(Data excerpt):
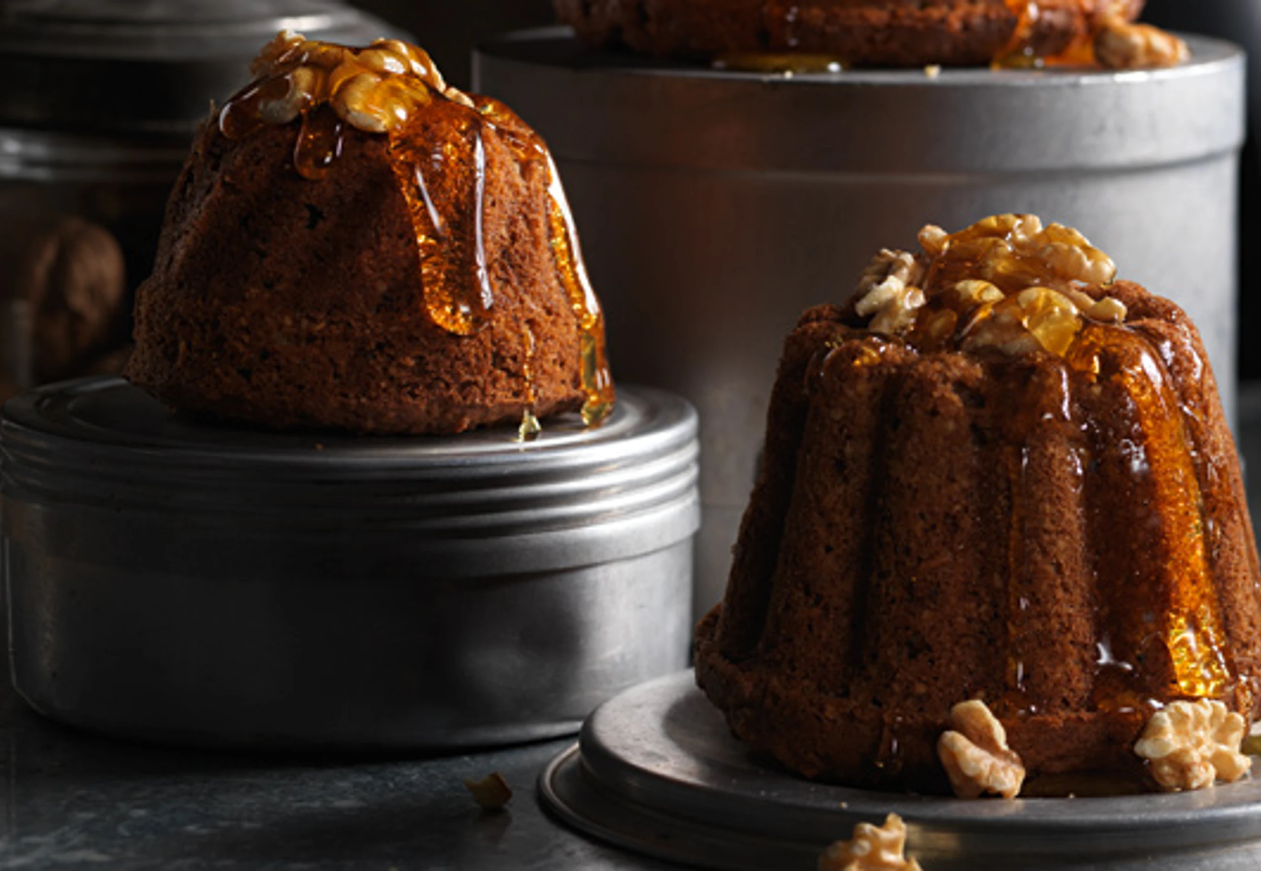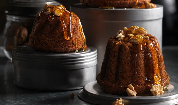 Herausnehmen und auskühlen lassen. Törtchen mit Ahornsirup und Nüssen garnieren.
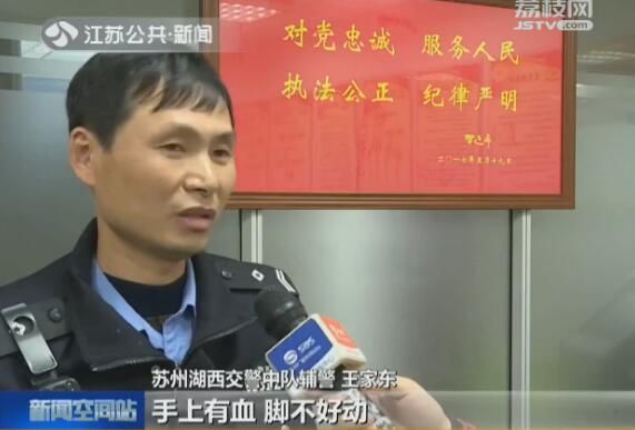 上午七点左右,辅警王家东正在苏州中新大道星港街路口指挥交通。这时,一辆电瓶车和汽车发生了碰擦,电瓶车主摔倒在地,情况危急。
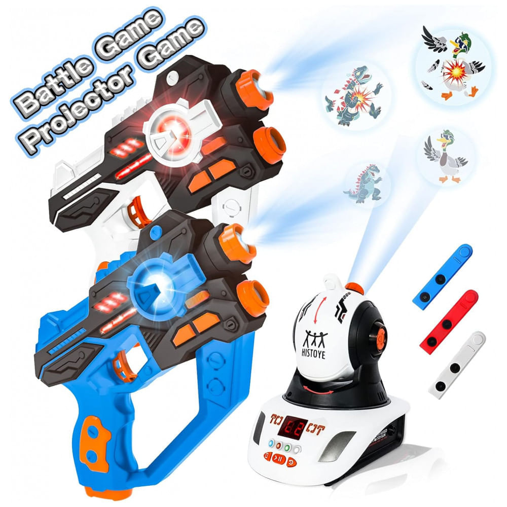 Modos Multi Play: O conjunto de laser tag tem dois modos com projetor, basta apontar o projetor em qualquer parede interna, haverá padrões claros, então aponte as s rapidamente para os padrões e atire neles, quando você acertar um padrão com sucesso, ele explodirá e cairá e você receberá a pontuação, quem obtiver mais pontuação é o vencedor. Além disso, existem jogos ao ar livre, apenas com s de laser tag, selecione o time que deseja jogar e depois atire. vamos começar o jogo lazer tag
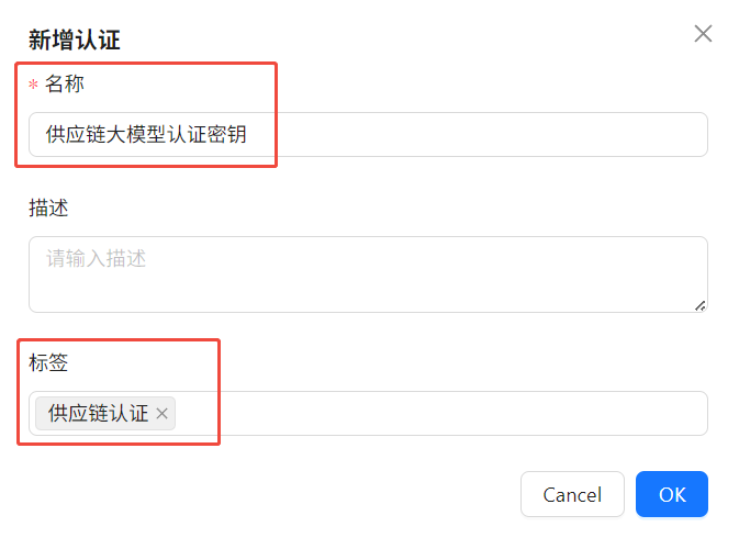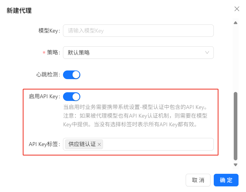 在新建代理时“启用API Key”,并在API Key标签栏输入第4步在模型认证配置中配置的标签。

(Exercise details):
Write every line above out again exactly; pictures do not belong in the copy.

(Solution to this problem):
 Herausnehmen und auskühlen lassen. Törtchen mit Ahornsirup und Nüssen garnieren.
 上午七点左右,辅警王家东正在苏州中新大道星港街路口指挥交通。这时,一辆电瓶车和汽车发生了碰擦,电瓶车主摔倒在地,情况危急。
 Modos Multi Play: O conjunto de laser tag tem dois modos com projetor, basta apontar o projetor em qualquer parede interna, haverá padrões claros, então aponte as s rapidamente para os padrões e atire neles, quando você acertar um padrão com sucesso, ele explodirá e cairá e você receberá a pontuação, quem obtiver mais pontuação é o vencedor. Além disso, existem jogos ao ar livre, apenas com s de laser tag, selecione o time que deseja jogar e depois atire. vamos começar o jogo lazer tag
 在新建代理时“启用API Key”,并在API Key标签栏输入第4步在模型认证配置中配置的标签。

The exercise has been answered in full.